En la escuela, señalando con un palo redondo y estirado sobre un Mapa Mundi desplegado en la pizarra, nos hablaban de cinco continentes: África, América, Asia, Europa y Oceanía. Ahora se estudia que son siete, porque América se divide en dos -del Sur y del Norte- y añaden la Antártida.
Al margen de las teorías del neerlandés Abel Tasman -que en 1642 decía haber descubierto una parte del octavo continente al que llamó Zealandia o Tasmantis-, hace menos de veinticinco años, en 1997, Charles Moore, un marino que vivía en California, volvía a casa desde Hawái tras participar en una regata y decidió seguir una nueva ruta.
Lo hizo por el llamado Giro Subtropical del Pacífico Norte, un enorme círculo oval que abarca todo el Pacífico compuesto por cuatro fuertes corrientes marinas que se desplazan entre las costas de Washington, México y Japón antes de volver al punto de partida.
Fue así como, siguiendo el nuevo itinerario, Moore llegó a una zona marítima de poco viento, escasez de peces y una masa perpetua de altas presiones, obligando a las corrientes a girar formando un vórtice lento en la dirección de las agujas del reloj, similar a como el agua se arremolina alrededor del desagüe de una bañera.
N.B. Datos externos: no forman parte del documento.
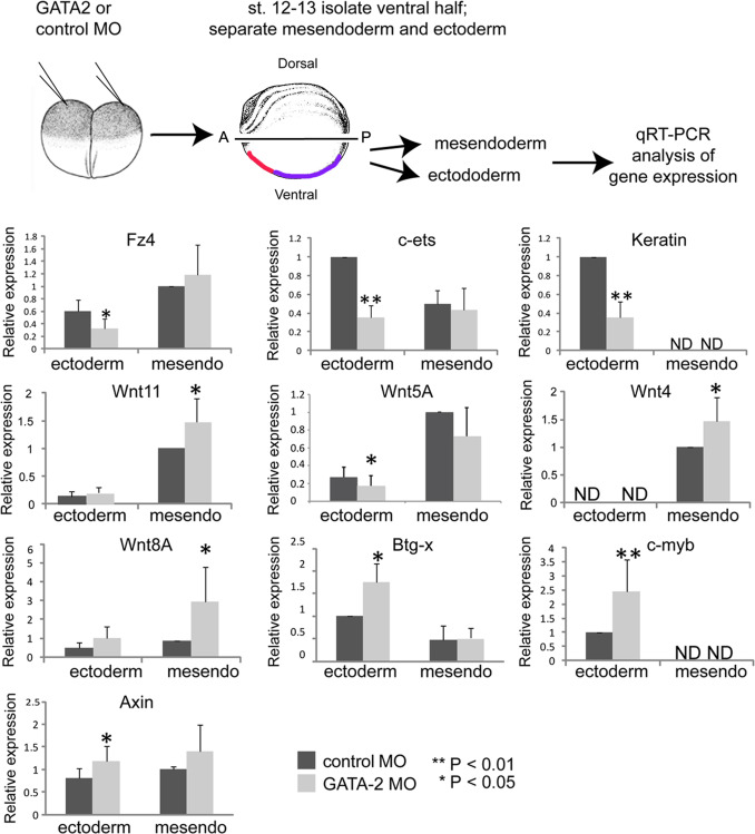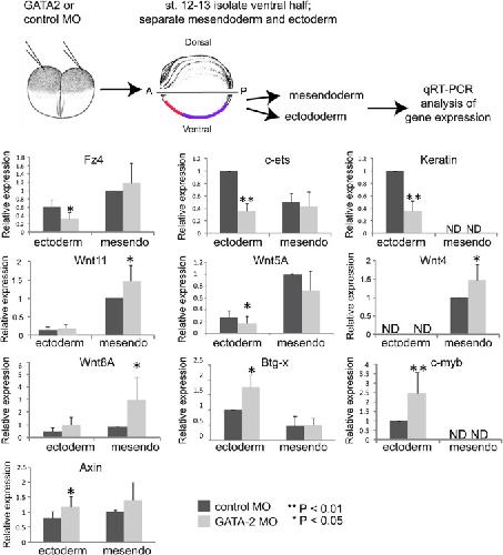 Fig. 3. GATA2 regulates expression of Wnt pathway components and target genes during gastrulation. GATA2 or control MO (40 ng per embryo) was injected into two-cell embryos. At stage 12â13, the ventral half of the embryo was removed as illustrated and dissected into ectodermal or mesendodermal pieces. The location of cells that will give rise to the anterior VBI (red) and posterior VBI (purple) is indicated. RNA was extracted from pooled ectoderm or mesendoderm (mesendo) and gene expression analyzed by qPCR for each target gene. Quantification of relative gene expression (mean±SD) in at least three independent experiments is shown. |

En el centro de este «remolino» se sitúa una enorme masa de plásticos y residuos de todo tipo: botellas, tapones, envoltorios, fragmentos… una isla de basura flotante de dimensiones aproximadas a cuatro veces la superficie de la Península Ibérica. Se le conoce como el Octavo Continente.
Según los expertos, hay otras cinco islas de características semejantes.
Ya no sorprende encontrar restos de plástico en las tripas del pescado que consumimos, ni en las aves, ni ver animales atrapados en uno de nuestros iconos del progreso: el plástico.
¿Seguimos pensando que sus repercusiones medioambientales son un asunto ajeno? El cinco de junio es el Día Mundial del Medio Ambiente. Buen motivo para dedicarle hoy estas anotaciones. Pero no es cosa de un día, debemos preservar nuestro planeta todos los días. Nos va el futuro.